Охотники закусили и двинулись в путь.

Георгий предложил перейти на другую сторону дороги и поохотиться в Сапурцле. Все другие стояли за то, чтобы спуститься в Арагвскую долину.

После ночи, проведенной в лесу, и от хождения по болотам у Георгия разболелась раненая нога. В долине Арагвы ему придется бродить по воде: подбитая птица может ведь упасть и на другой берег реки. Но все же он согласился с товарищами.

…Был тихий осенний вечер. Вершины Кавказа кутались в облака. Горная цепь подпирала небесный свод.

Легкий туман поднимался от Арагвы и расстилался по фиолетовым лугам. Охотники связали журавлей шейками и пустились в путь. Друзья заметили, что царь не в духе.

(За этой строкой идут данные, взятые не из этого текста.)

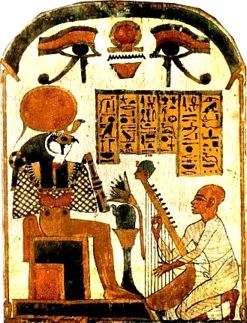 | − | |align="center"|[[Image: Ste.jpg |thumb| | + | |align="center"|[[Image: Ste.jpg |thumb|247px|<center><small><b><big><big><FONT color=#B8860B> Stèle Djed-Konsou-iouefankh </big><big></FONT></small><FONT size="1pt"><b><FONT color=#B8860B>Le musicien Djedkhonsouiouefânkh-ânkh joue de la harpe devant le dieu Rê-Horakhty. Stèle en bois stuqué.</FONT></FONT> </center> </b>]] |
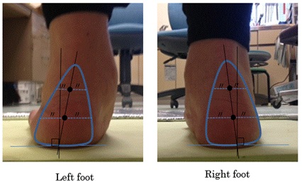In a previous study by Okubo et al., a normal hindfoot was defined as within ±2 degrees from 0 degrees perpendicular to the floor surface, and subtalar joint valgus was defined as a hindfoot inclination of 3 degrees or more inward [7] (Figure 2).

Первым вышел из лесу Китеса, посмотрел на долину Арагвы и сказал:

— Помнишь, Глахуна, когда мы еще были мальчиками, ты подстрелил журавля, а он поднялся и упал прямо на середину Арагвы?

— Как же не помнить, Китеса. Помню, — печально ответил Георгий и обвел глазами долину, словно искал там свою юность.

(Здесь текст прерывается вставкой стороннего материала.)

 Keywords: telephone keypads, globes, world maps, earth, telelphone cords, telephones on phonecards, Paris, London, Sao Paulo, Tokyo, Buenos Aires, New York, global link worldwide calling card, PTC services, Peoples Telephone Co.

— Ты не послушался нас, Глахуна, и полез в реку за птицей. На плече у тебя висели два журавля. Пока ты плыл за новой добычей, река отняла у тебя убитых журавлей. Я и Габо бросились тебе на помощь, едва нагнали тебя вон за той дубовой рощей и за уши вытащили из воды. Журавлей унесла река. В Мцхету тебя привезли на арбе, а твой наставник сердился на нас и угрожал: «Не сносить вам, бесенята, головы, если бы царевич утонул».

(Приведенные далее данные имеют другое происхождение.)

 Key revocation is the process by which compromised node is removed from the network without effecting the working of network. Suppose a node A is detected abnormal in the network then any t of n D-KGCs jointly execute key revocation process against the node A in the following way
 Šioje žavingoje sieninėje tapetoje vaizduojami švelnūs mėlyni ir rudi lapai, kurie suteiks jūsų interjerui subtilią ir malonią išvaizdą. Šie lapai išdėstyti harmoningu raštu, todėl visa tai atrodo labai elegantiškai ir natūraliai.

— Ты позабыл, Китеса, что журавлей я все-таки тогда поймал, — заметил Габриэль.

— Да нет, не так это было, — вмешался в беседу Эстате, — журавлей выловили плотовщики в Мцхете.

— Не стоит ссориться из-за журавлей, унесенных водой, — сказал Габриэль, улыбаясь.

— Да, умчала Арагва нашу молодость, как тех журавлей, — вздохнул Эстате.

— Арагва или время умчало ее? — спросил Георгий. Эстате посмотрел на Арагву.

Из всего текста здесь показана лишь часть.